A related question. What's the best (fastest, in general) way to check if a number is divisible by a constant? Sure, I can use the division here, and see if the result multiplied with the divisor is equal to the original value... but that's 2 muls. So I found this here: https://math.stackexchange.com/questions/1251327/is-there-a-fast-divisibility-check-for-a-fixed-divisor

For odd divisors it's fantastic, one mul and one cmp, literally. But it needs two branches if the divisor is even, which sucks (or a lot of extra overhead code/registers usage, unless you can find a better way, problem is the ZF can't be used except with cmov, no adc/sbb tricks). Any better way for even divisors? (I'm not a math guru so I don't really understand how it works, lol)

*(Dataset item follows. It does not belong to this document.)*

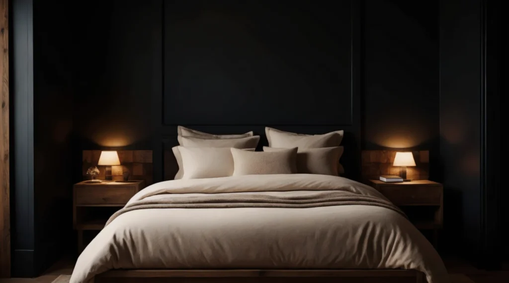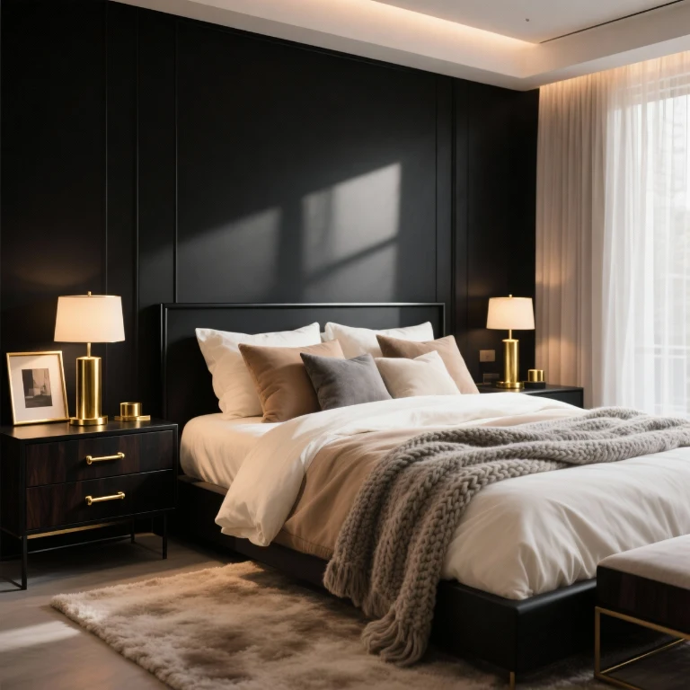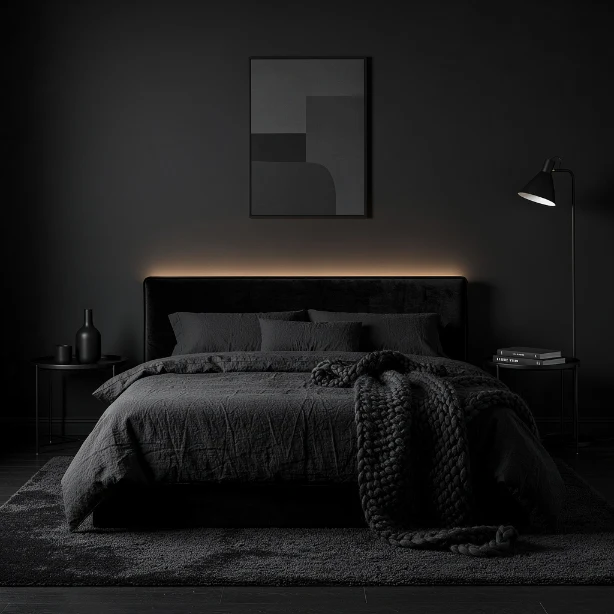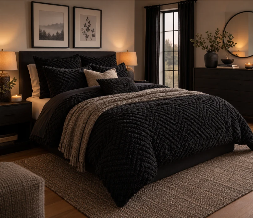 Black bedding creates a cozy, cocoon-like atmosphere. Mix textures like linen, cotton, and knit to add depth and visual interest. Layering prevents the space from feeling flat.

I did implement them both in C++ with constexpr (compile-time) forcing, and it works fine, but it'd be nice to have a better way for even divisors. (by "better way" I mean in the resulting asm of course, not having two branches is a good win unless I need 3-4 extra instructions, then it's not so good)

(well I have them in C++ so far for HLL usage, which I just use it to compile a simple function if I want the constants for asm usage by looking at the output... like what I was originally doing, except GCC's optimizer sucks, though it's a bit ugly since I had to use internal constexpr functions to force it at compile-time, GCC is too dumb with loops otherwise; I don't know if anyone is interested in my C++ code with them)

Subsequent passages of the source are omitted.